In the data below, reproduce everything exactly except the images.
[Supplied data — start]
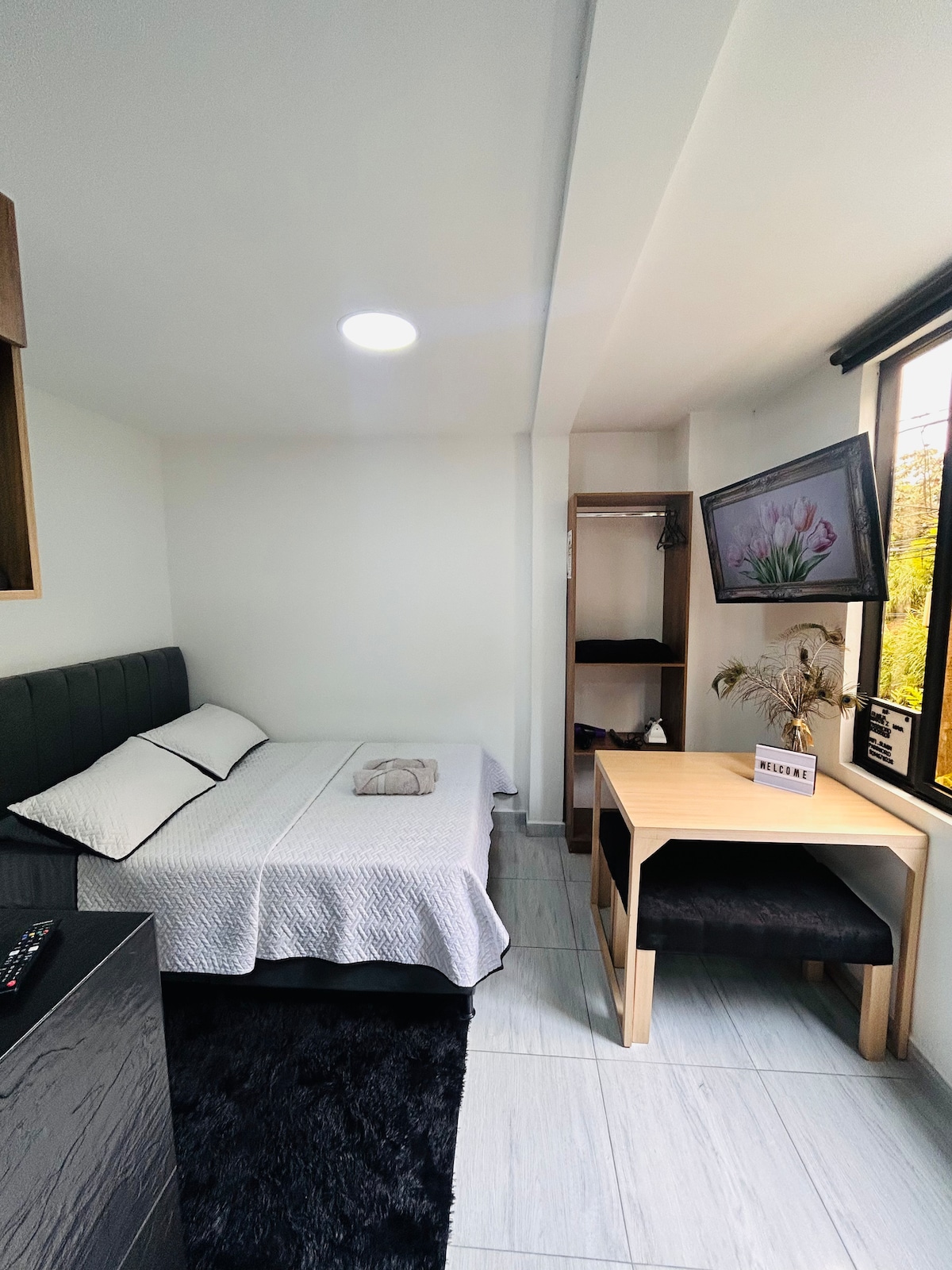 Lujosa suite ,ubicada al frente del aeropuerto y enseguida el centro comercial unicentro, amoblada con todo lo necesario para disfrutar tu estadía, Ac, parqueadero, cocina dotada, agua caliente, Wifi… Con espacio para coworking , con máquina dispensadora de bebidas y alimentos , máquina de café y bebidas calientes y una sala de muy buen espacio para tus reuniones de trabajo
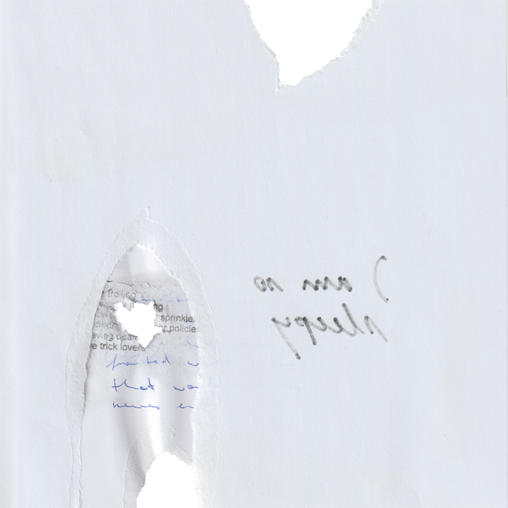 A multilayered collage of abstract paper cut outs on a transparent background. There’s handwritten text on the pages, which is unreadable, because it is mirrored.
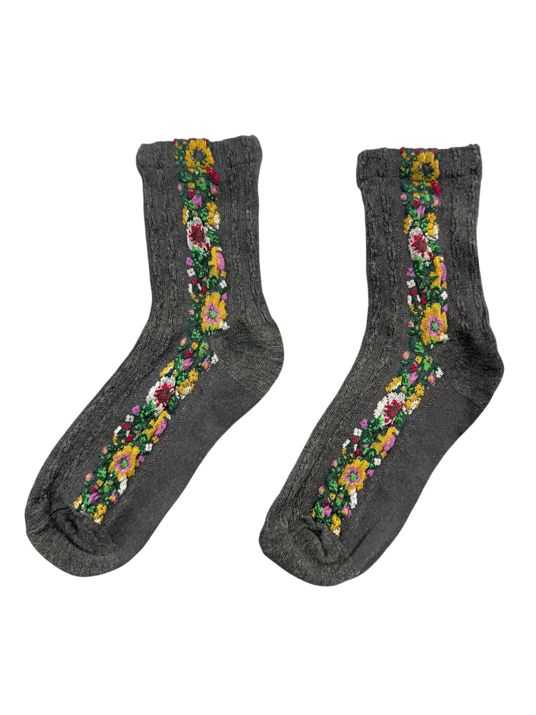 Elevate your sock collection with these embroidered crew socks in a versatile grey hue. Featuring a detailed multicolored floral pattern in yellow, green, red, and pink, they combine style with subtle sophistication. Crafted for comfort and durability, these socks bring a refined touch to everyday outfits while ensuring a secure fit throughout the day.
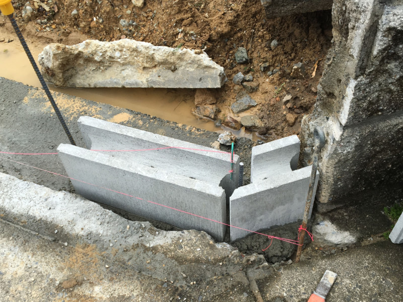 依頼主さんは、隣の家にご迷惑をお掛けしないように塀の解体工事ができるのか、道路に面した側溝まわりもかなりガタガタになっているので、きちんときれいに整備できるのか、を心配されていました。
[Supplied data — finish]
Answer box:
 Lujosa suite ,ubicada al frente del aeropuerto y enseguida el centro comercial unicentro, amoblada con todo lo necesario para disfrutar tu estadía, Ac, parqueadero, cocina dotada, agua caliente, Wifi… Con espacio para coworking , con máquina dispensadora de bebidas y alimentos , máquina de café y bebidas calientes y una sala de muy buen espacio para tus reuniones de trabajo
 A multilayered collage of abstract paper cut outs on a transparent background. There’s handwritten text on the pages, which is unreadable, because it is mirrored.
 Elevate your sock collection with these embroidered crew socks in a versatile grey hue. Featuring a detailed multicolored floral pattern in yellow, green, red, and pink, they combine style with subtle sophistication. Crafted for comfort and durability, these socks bring a refined touch to everyday outfits while ensuring a secure fit throughout the day.
 依頼主さんは、隣の家にご迷惑をお掛けしないように塀の解体工事ができるのか、道路に面した側溝まわりもかなりガタガタになっているので、きちんときれいに整備できるのか、を心配されていました。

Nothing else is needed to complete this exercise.